Para petani sedang mengumpulkan hasil panen bunga gemitir, di Desa Negari, Banjarangkan, Klungkung, Bali, Minggu (01/04)

Bunga gemitir membentang luas menghiasi pemandangan di jalanan Desa Negari Kabupaten Klungkung. Akhir-akhir ini namanya terkenal dan bermunculan diberbagai sosial media. Lahan yang awalnya berupa hamparan sawah dengan padi-padi bertebaran, sekarang disulap menjadi hamparan bunga jingga yang menyatu bersama cahaya matahari.

Sinar matahari semakin terik, tepat diatas kepala memancarkan sinar dengan energi panasnya. Namun tak mengurungkan niat para petani bunga gumitir mengais rezeki untuk kebutuhannya sehari-hari. Keringat bercucuran membasahi wajah dan sekujur tubuh. Kadek Martini berpacu dengan waktu demi memenuhi target petikannya hari ini. Walau hanya bermodalkan topi capil dan keranjang. Bunga gemitir satu persatu dipetik dan dikumpulkan. Tidak sendiri, ibu beranak dua ini berjuang bersama petani lainnya untuk memanen bunga gemitir. Sembari bercengkrama satu sama lain.

Lahan yang semula berupa hamparan sawah dengan tanaman padi yang membentang luas sekarang menjadi perkebunan bunga gemitir yang memanjakan mata para pengunjunganya. Bukan tak beralasan. Kadek Martini bersama rekan seprofesinya berkerja keras memberdayakan lahan yang dikontraknya selama lebih dari delapan bulan. Mereka adalah pengungsi Gunung Agung yang tidak mau berdiam diri meratapi nasibnya. “Sudah dari Bulan September saya berkebun disini bersama suaminya,” ungkap perempuan yang kerap disapa Martini tersebut.

Martini dan suaminya adalah warga Desa Besakih yang pertama kali membuka lahan untuk menanam bunga gemitir di Desa Negari. Berawal dari coba-coba Martini besama suaminya berhasil mendapat keuntungan bahkan melebihi usaha sebelumnya yg dilakukan di Desa Besakih. “Suami saya yang menjadi pembibit bunga ini (gemitir),” tutur Martini sambil meratakan bunga hasil petikannya.

Dengan bermodalkan kamar sewa dan sedikit lahan disekitarnya, suami Martini yaitu Kadek Sudiarta berjuang membuat pembibitan yang nantinya akan didistribusikan kepada petani-petani bunga gemitir. Hingga saat ini, ia pun dapat memperluas lahan sewaan dan memperkerjakan pengungsi lainnya.

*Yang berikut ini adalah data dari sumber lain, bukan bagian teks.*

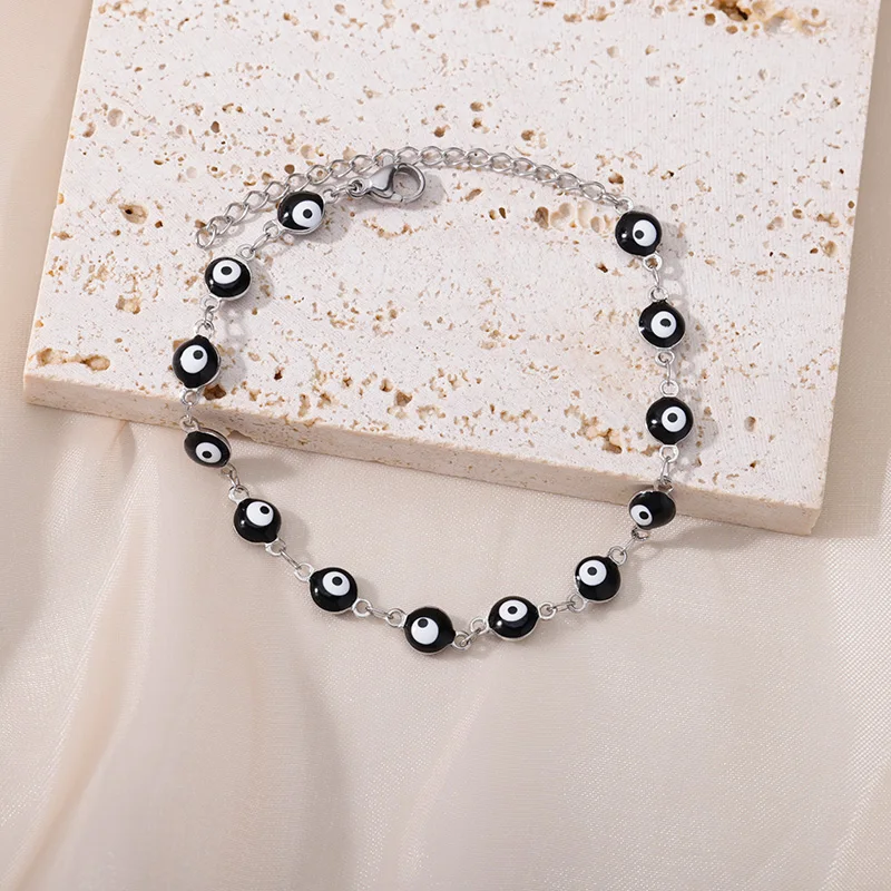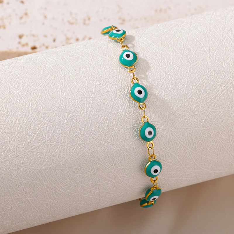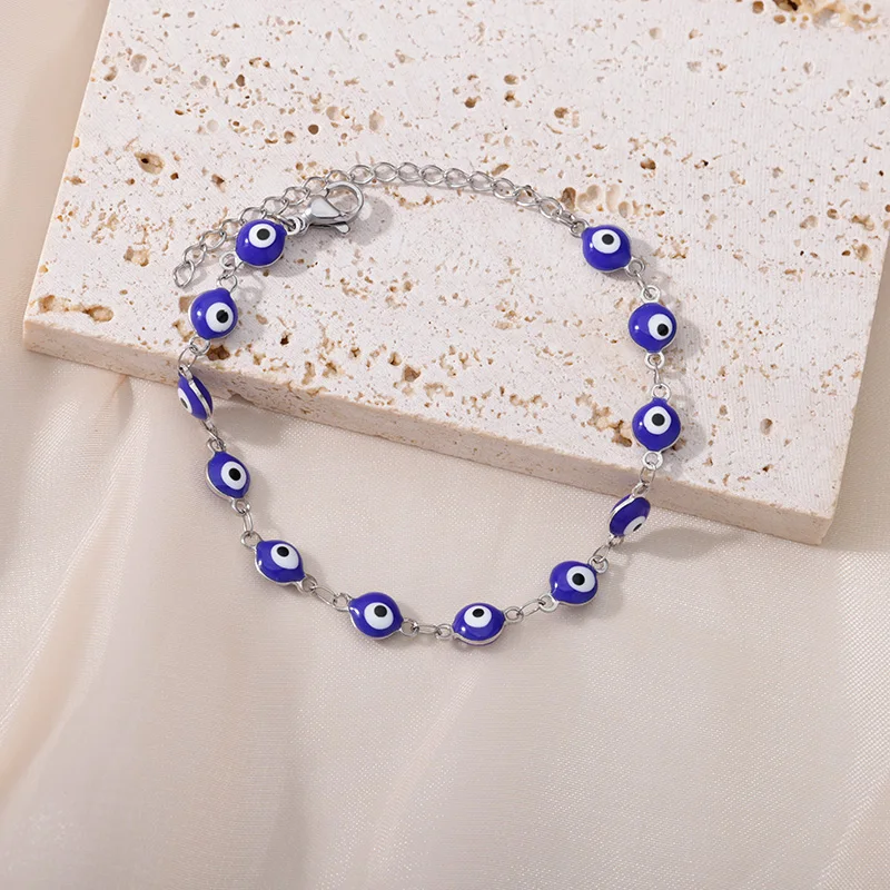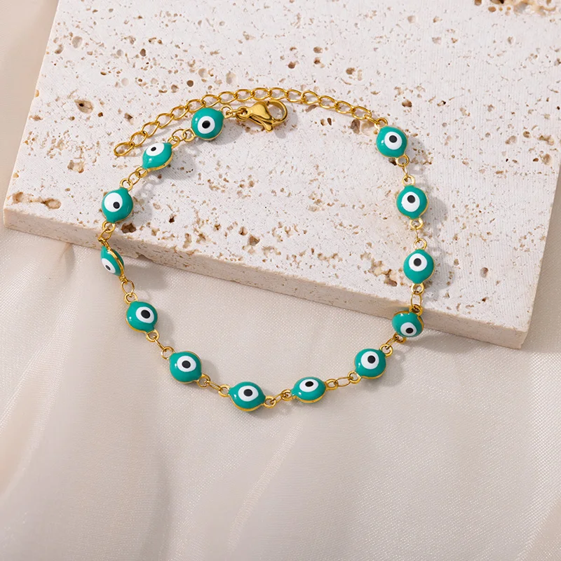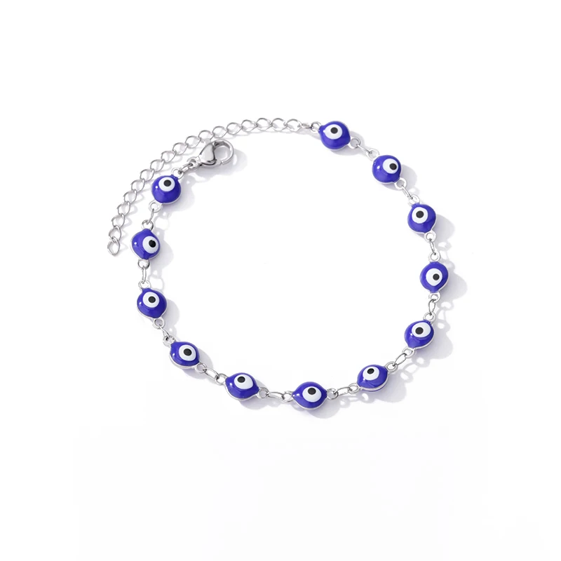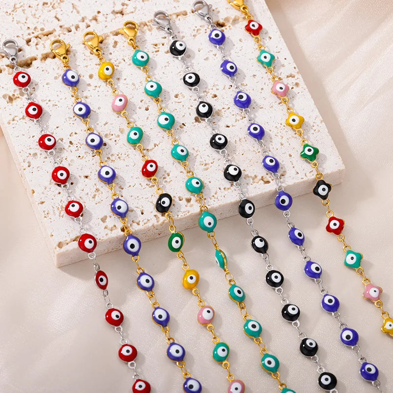 Stainless Steel Evil Eye Bracelet for Women - Enamel Blue Bead Bracelet for Summer Beach Style

Tak Mau Berdiam Diri Pengungsi Gunung Agung meraup Rezeki di Pengungsian (1)
zoom-in-whitePerbesar

Perkebunan bunga gemitir, di Desa Negari, Banjarangkan, Klungkung, Bali, Minggu (01/04)

Bencana yang diawal meresahkan dan menakutkan ternyata berubah menjadi keberuntungan saat ini. Berkembangnya usaha bunga gemitir, penghasilan Martini beserta suami, dan para petani bunga gemitir pun meningkat. “Untuk penghasilan dua sampai tiga juta dalam satu kali panen,” terang Martini.

Martini pun telah memiliki langganan tetap di Pasar Klungkung. Bahkan tidak jarang beberapa warga asli Desa Negari secara langsung berkunjung ke lahan perkebunan untuk membeli bunga gemitir.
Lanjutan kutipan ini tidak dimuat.